В октябре 1827 года он отправился в Мюнхен и за все полугодовое время своего редакторства и одновременного с этим участия в двух других периодических изданиях того же Котты написал здесь только часть «Отрывков об Англии», одну критическую статью и одну театральную рецензию, причем тут же сказалась непригодность его для такого дела, как редактирование политической газеты, – непригодность, в которой сознавался и сам Гейне в это время, ссылаясь на отсутствие у него политических познаний, на свою стилистическую манеру, не соответствующую требованиям чисто политической газетной статьи, и тому подобное. Следовало ему сослаться и на причину более существенную: шаткость его политических взглядов и на свою крайнюю субъективность, в настоящем случае совсем неуместную; наконец, не мешало бы ему сознаться и в том не лестном для него обстоятельстве, что в то самое время, когда он, определяя направление своей газеты, писал Варнхагену: «Я еще молод, у меня нет еще голодающих жены и детей, поэтому я еще буду говорить свободно», – в то же самое время он не переставал заботиться и хлопотать о получении места в государственной службе, хорошо зная, что уж тогда говорить «свободно», то есть свободно по-гейневски, будет немыслимо. Правда, предметом этих искательств была по-прежнему университетская кафедра, но это «смягчающее обстоятельство» уничтожалось странным и даже неблаговидным образом действий: потеряв надежду на получение должности в Пруссии, он направил свои искательства в сторону баварского правительства, повел газету в умеренном тоне, стал избегать почти всех мало-мальски важных и щекотливых вопросов внутренней политики и просил барона Котту, когда тот увидится с баварским королем.

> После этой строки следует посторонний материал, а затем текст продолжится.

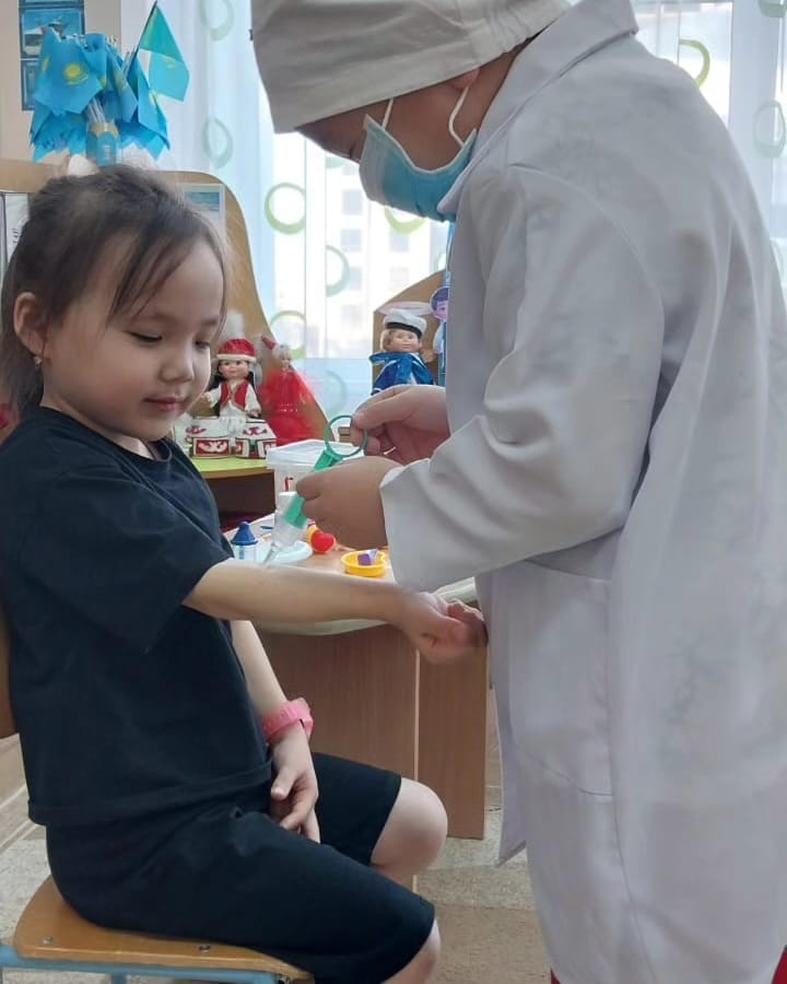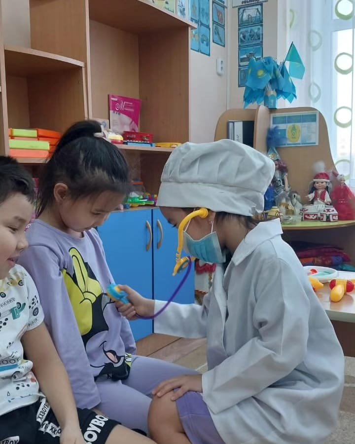 тіс дәрігері, сынықшы, хирург...👩🏻⚕️Айта берсек өте көп💫Балалар дәрігердің арнайы киімдерін киіп, бір-біріне дәрігердің жасайтын қызметтерін жасады. Бір бала сынықшы болса, екіншісі дәрі егумен айналысты,басқасы тіс дәрігері болды. Балалар ауырғанда дәрі беретін,емдейтін апайлар мен ағайлар "Дәрігер"👩🏻⚕️екенін білді. Балалар өте керемет әсерде қалды.

«…обратить внимание Его Величества на то, что автор „Путевых картин“ сделался теперь гораздо кротче, лучше и, может быть, даже совсем иной, чем в своих прежних произведениях… Я надеюсь, – говорит он в том же письме, – что король достаточно мудр для того, чтобы судить о клинке меча по его остроте в данную минуту, а не по тому хорошему ли дурному употреблению, которое делали из него в прошедшее время…»

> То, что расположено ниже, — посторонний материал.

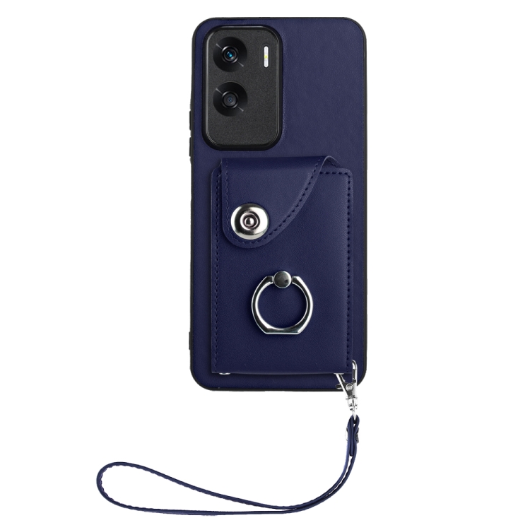 Funda para Honor 90 Lite / X50I de PU con Soporte para Anillo y Bolsa para Tarjeta con Cordón (Azul)

Когда читаешь такие вещи и вспоминаешь, что всего за год до этого тот же самый Гейне выпустил в свет второй том своих «Путевых картин» и уже носил в голове многое из того, что должно было скоро составить содержание третьего тома, гораздо более «зажигательного», чем предыдущий, когда стоишь в виду таких непостижимо противоречивых обстоятельств, то, кроме многих других вопросов, задаешь себе и такой: не происходило ли все это, как у Байрона, просто от желания мистифицировать, дурачить людей вследствие презрения к ним или не играл ли Гейне в этих случаях комедию, чтобы, притворившись раскаявшимся и до известной степени благонамеренным, добиться наконец этим путем доступа в университет, а уж там, с кафедры, начать говорить то, что считал он свои долгом пропагандировать в публике. Но, во-первых, печатное слово доставляло ему аудиторию гораздо многочисленнее той, которую он нашел бы, взойдя на университетскую кафедру; во-вторых, не мог же он не понимать, что всякое немецкое правительство видело его насквозь и не поддалось бы на его удочку, а если бы и поддалось, то очень скоро удостоверилось бы в своей ошибке и поспешило бы освободиться от неудобного профессора. И вот ввиду таких возражений самому себе, ввиду также и трудности приписать эти служебные искательства впечатлению минуты, временному капризу, так как они обратились уже в нечто постоянное, последовательное, ввиду всего вышеизложенного приходится объяснять эти не в пользу Гейне как человека говорящие обстоятельства или непостижимым совмещением в его натуре самых вопиющих противоречий и противоположностей, или просто обыкновенным, свойственным всякому ординарному смертному желанием – получше и посолиднее устроить свое житейское положение. Хочется остановиться на первом объяснении; оно, правда, построено более на теоретическом основании, но зато опирается на многие веские обстоятельства.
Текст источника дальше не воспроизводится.